Carrying her sword bare everywhere would be comforting, actually.
She preferred to deal with enemies she could see. Trying to flush out a skulking traitor was far harder—someone spying for a self-proclaimed king who wanted them all dead—someone who could be standing next to Taireasa right now—
The quill snapped in her hand.
Now there was even more ink on her fingers. She breathed ice, shut her eyes, and sipped at the tea, ignoring the stain she smeared all over the cup. It was no wonder Slade looked like he was ready to bolt out of the room at any moment. He kept hovering by the door.

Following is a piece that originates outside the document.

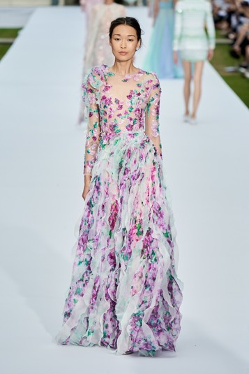 На подиуме модели появлялись в летящих образах из шифона всевозможных оттенков шербета, полупрозрачных платьях, обильно украшенных цветочной аппликацией, невесомых нарядах из тюля с каскадами оборок.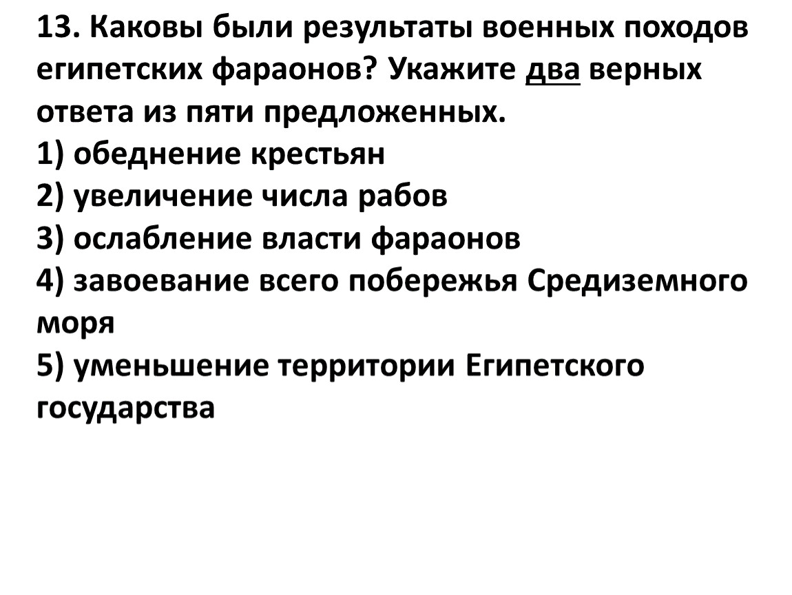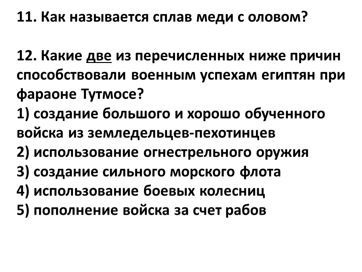 12. Какие две из перечисленных ниже причин способствовали военным успехам египтян при фараоне Тутмосе?

"The Cassdall captain to see you, Capt—er, Lady Captain," the boy announced. Kyali nodded, turning to the map cabinet, more to hide the expression on her face than because she wished to smudge anything in there with ink. Slade let Annan in and ducked out, and Kyali snatched up a cloth and scrubbed furiously at her hands, glowering at ink stains and not-quite-steady fingers.
Ice.
Nerves. Damn.
She was so short on sleep it took constant effort to keep her face still, to stop her Gift from flaring out and setting fire to half the things she touched. To keep her mind clear enough for decisions. Annan's presence wouldn't help with any of that.
"Captain," she said, looking at him only from the corner of her eye.
"Captain," Annan replied, coming to sit, uninvited, on a stool at the map table. He had been outdoors: there was frost melting on his spaulders, snow clinging to his boots, glistening in his hair. His gaze was mild and unreadable when she finally gave up on the ink stains and made herself meet it, and Kyali felt a few muscles in her shoulders unknot.